▶ GIVEN DATA
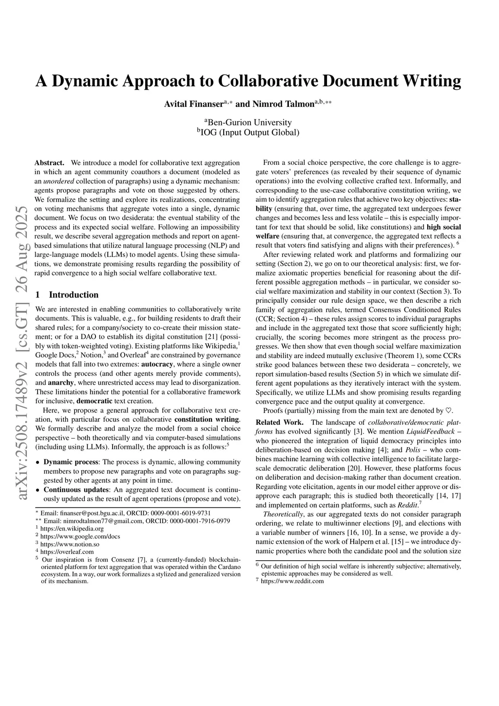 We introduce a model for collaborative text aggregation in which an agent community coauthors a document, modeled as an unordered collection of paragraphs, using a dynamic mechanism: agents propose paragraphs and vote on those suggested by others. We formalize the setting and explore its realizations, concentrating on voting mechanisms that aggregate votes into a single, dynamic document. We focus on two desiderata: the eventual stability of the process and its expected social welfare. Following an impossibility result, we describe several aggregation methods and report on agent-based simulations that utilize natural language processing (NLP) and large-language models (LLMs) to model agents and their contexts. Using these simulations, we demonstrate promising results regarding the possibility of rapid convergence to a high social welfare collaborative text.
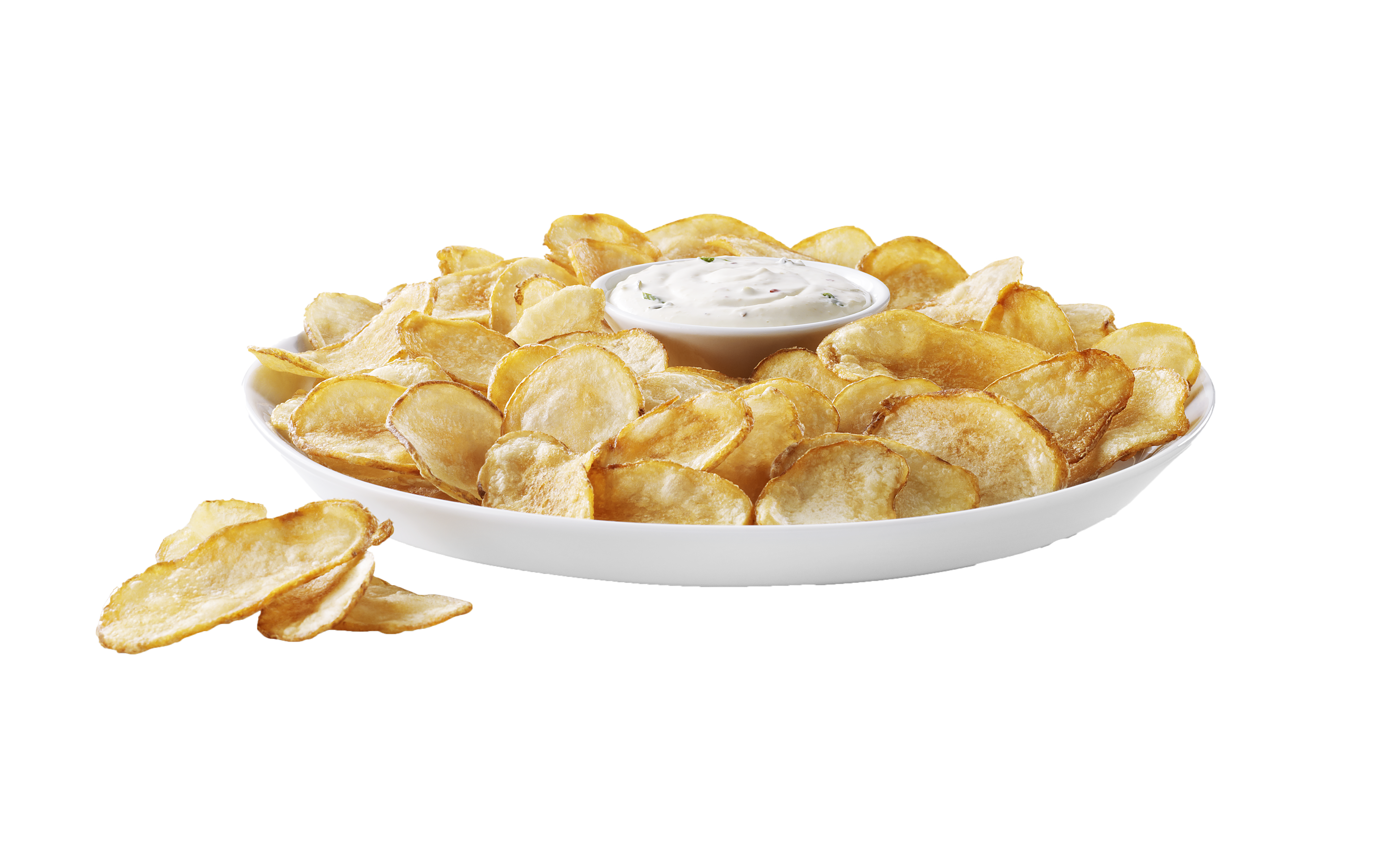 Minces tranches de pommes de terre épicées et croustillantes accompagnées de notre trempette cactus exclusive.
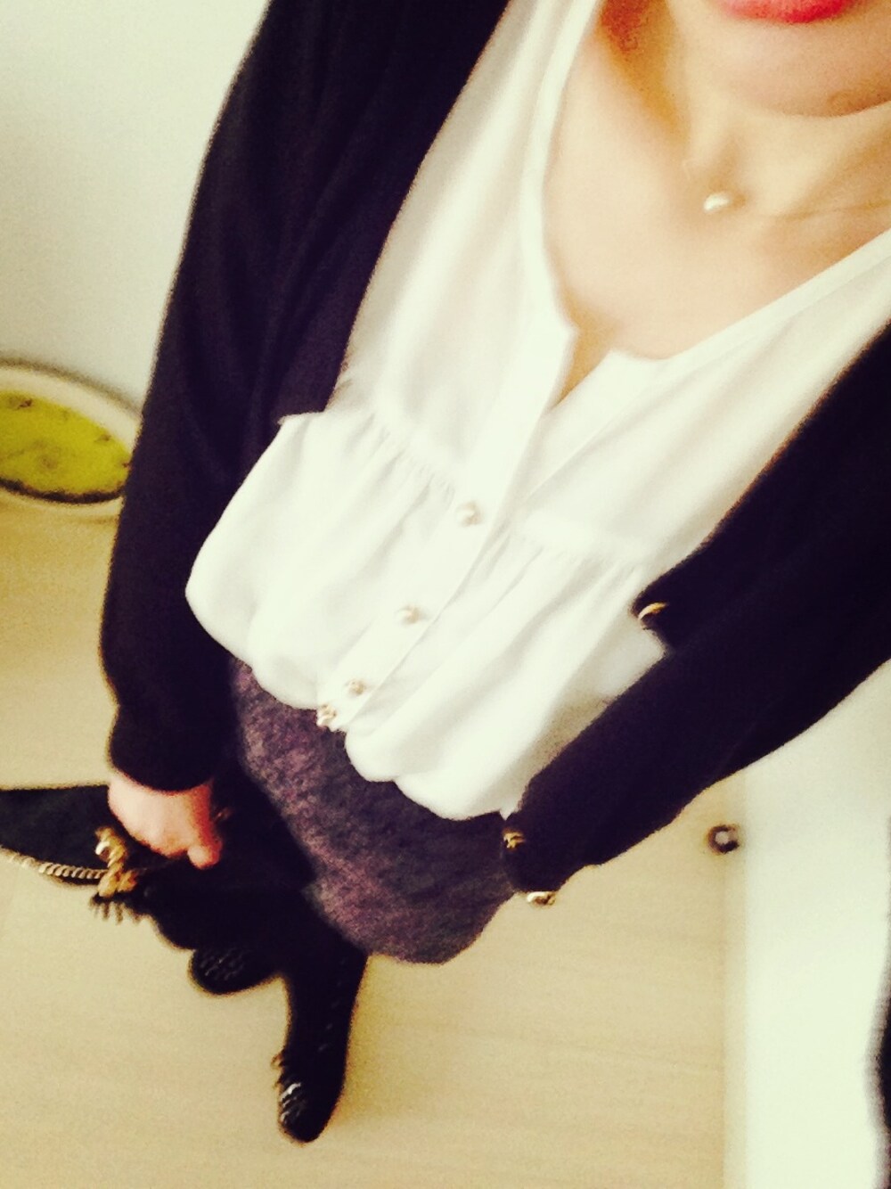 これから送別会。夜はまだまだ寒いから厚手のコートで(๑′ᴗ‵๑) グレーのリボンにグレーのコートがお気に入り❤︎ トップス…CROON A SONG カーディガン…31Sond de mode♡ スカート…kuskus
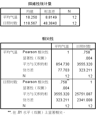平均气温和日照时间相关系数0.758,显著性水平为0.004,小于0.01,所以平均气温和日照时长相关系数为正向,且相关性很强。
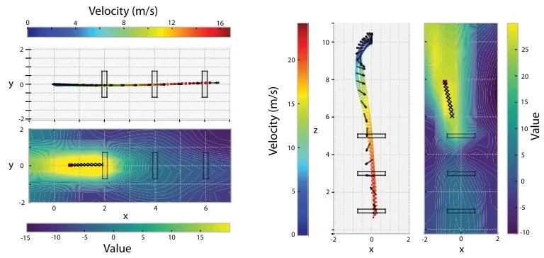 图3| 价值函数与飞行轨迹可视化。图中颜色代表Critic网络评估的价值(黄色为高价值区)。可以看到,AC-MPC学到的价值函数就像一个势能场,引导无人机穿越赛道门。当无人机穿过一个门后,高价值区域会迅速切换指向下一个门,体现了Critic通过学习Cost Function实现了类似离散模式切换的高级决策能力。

==

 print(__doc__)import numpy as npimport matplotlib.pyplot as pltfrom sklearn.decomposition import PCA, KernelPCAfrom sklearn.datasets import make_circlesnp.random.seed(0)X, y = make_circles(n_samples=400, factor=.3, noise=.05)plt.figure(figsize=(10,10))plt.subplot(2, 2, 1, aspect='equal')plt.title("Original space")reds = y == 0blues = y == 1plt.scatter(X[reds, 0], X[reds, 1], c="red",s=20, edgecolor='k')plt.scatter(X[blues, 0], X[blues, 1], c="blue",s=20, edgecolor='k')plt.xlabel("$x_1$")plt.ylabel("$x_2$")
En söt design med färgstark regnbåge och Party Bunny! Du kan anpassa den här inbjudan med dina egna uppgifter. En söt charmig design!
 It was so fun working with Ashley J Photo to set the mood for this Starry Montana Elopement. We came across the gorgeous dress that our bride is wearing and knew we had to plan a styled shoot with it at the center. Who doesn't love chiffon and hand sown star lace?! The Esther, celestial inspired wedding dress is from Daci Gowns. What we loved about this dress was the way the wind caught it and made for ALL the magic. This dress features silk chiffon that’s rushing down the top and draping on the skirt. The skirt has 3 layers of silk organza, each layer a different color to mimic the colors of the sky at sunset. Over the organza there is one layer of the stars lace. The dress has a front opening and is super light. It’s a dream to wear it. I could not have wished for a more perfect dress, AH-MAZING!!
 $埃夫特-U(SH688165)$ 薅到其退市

--

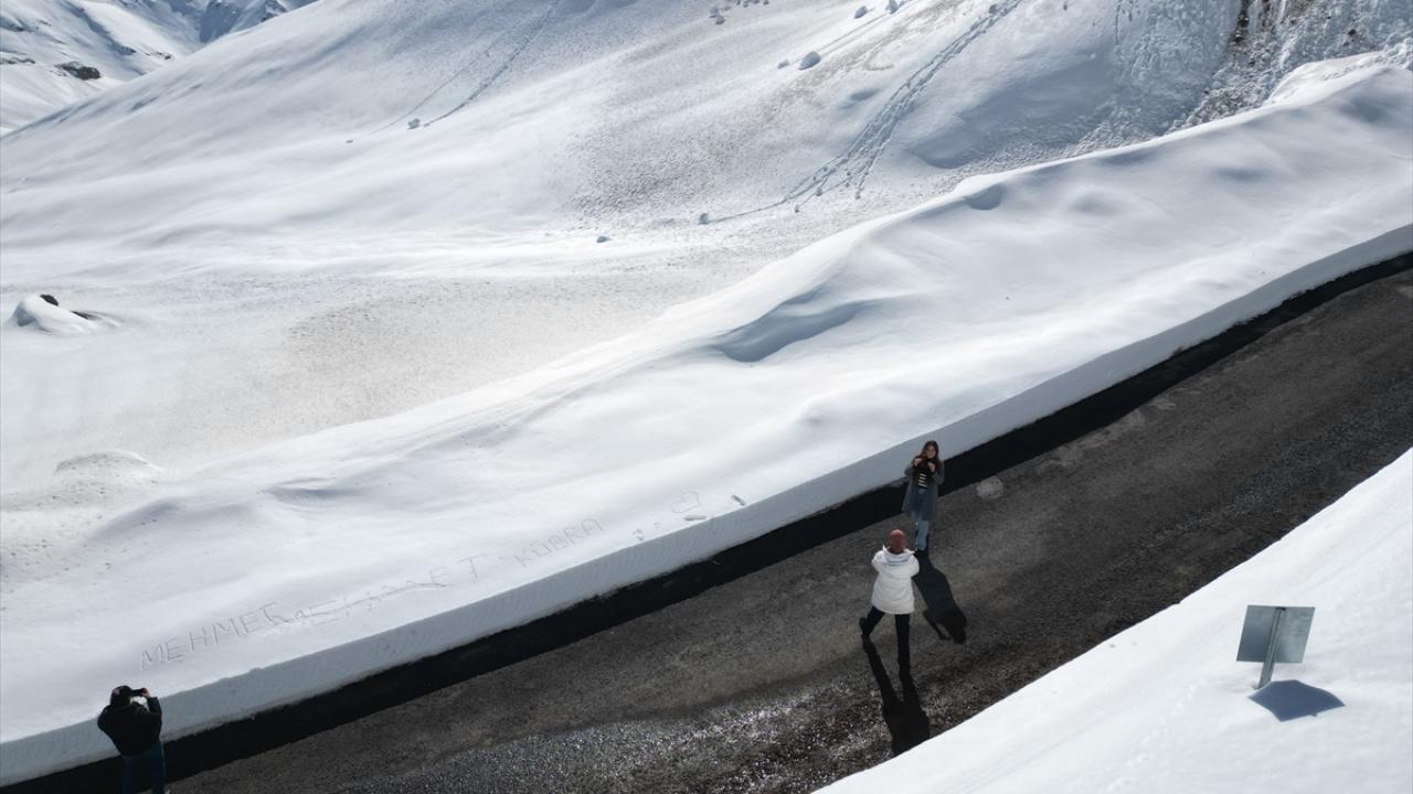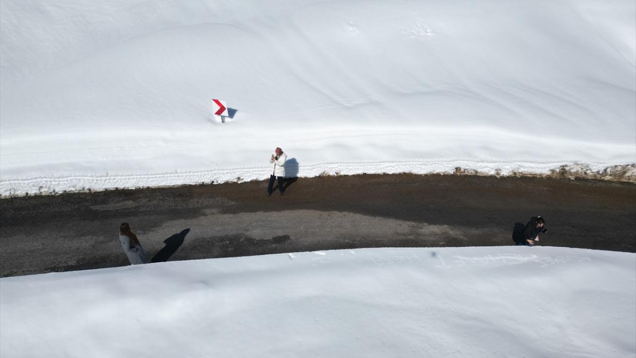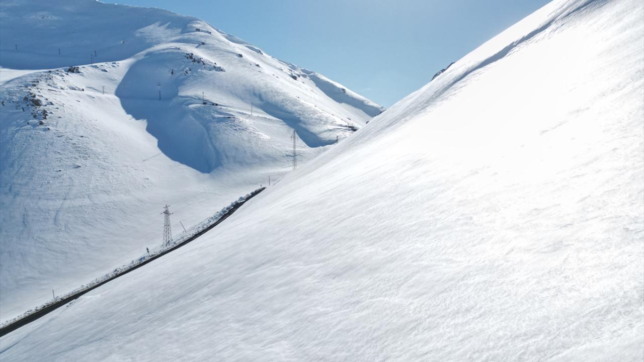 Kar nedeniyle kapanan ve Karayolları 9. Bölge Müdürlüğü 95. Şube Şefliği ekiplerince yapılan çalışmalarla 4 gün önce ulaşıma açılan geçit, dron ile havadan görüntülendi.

▶ TRY IT
Starting at the line containing "We introduce a" and stopping at the line containing "平均气温和日照时间相关系数0", output every line above exactly, both ends included, with pictures omitted.

▶ ANSWER AREA
 We introduce a model for collaborative text aggregation in which an agent community coauthors a document, modeled as an unordered collection of paragraphs, using a dynamic mechanism: agents propose paragraphs and vote on those suggested by others. We formalize the setting and explore its realizations, concentrating on voting mechanisms that aggregate votes into a single, dynamic document. We focus on two desiderata: the eventual stability of the process and its expected social welfare. Following an impossibility result, we describe several aggregation methods and report on agent-based simulations that utilize natural language processing (NLP) and large-language models (LLMs) to model agents and their contexts. Using these simulations, we demonstrate promising results regarding the possibility of rapid convergence to a high social welfare collaborative text.
 Minces tranches de pommes de terre épicées et croustillantes accompagnées de notre trempette cactus exclusive.
 これから送別会。夜はまだまだ寒いから厚手のコートで(๑′ᴗ‵๑) グレーのリボンにグレーのコートがお気に入り❤︎ トップス…CROON A SONG カーディガン…31Sond de mode♡ スカート…kuskus
平均气温和日照时间相关系数0.758,显著性水平为0.004,小于0.01,所以平均气温和日照时长相关系数为正向,且相关性很强。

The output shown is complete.